**TASK ITEM:** Would you return the lines between the one holding "Profiles of S21" and the one holding "Her ³[融白奶咖]N0083不規則奶白單色漸層感美拉德咖色穿戴甲", inclusive, and only those, exactly as they stand in the listing below?

**SOURCE RECORDS:**
*** Begin section ***
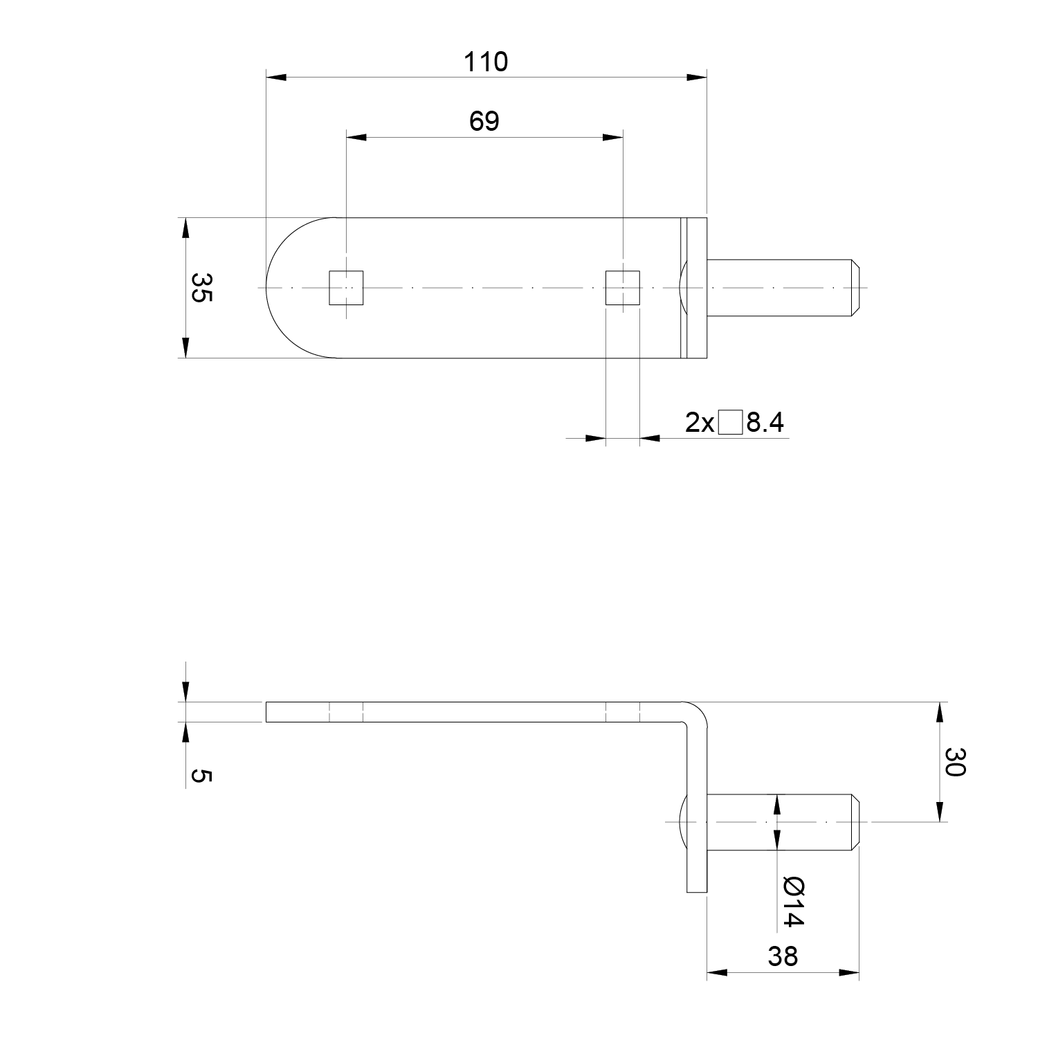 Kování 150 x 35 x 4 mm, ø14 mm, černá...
*** End section ***
*** Begin section ***
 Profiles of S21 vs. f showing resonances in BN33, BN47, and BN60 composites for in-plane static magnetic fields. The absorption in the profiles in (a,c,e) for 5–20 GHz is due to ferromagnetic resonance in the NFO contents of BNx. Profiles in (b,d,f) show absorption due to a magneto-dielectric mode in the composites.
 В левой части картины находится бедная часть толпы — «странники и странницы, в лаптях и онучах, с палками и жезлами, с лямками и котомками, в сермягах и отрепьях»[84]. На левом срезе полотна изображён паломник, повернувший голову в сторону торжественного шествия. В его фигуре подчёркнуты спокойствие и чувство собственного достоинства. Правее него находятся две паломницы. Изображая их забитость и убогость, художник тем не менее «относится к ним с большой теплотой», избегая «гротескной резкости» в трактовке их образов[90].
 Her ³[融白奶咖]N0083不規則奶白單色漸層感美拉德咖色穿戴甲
*** End section ***
**SOLUTION:**
 Profiles of S21 vs. f showing resonances in BN33, BN47, and BN60 composites for in-plane static magnetic fields. The absorption in the profiles in (a,c,e) for 5–20 GHz is due to ferromagnetic resonance in the NFO contents of BNx. Profiles in (b,d,f) show absorption due to a magneto-dielectric mode in the composites.
 В левой части картины находится бедная часть толпы — «странники и странницы, в лаптях и онучах, с палками и жезлами, с лямками и котомками, в сермягах и отрепьях»[84]. На левом срезе полотна изображён паломник, повернувший голову в сторону торжественного шествия. В его фигуре подчёркнуты спокойствие и чувство собственного достоинства. Правее него находятся две паломницы. Изображая их забитость и убогость, художник тем не менее «относится к ним с большой теплотой», избегая «гротескной резкости» в трактовке их образов[90].
 Her ³[融白奶咖]N0083不規則奶白單色漸層感美拉德咖色穿戴甲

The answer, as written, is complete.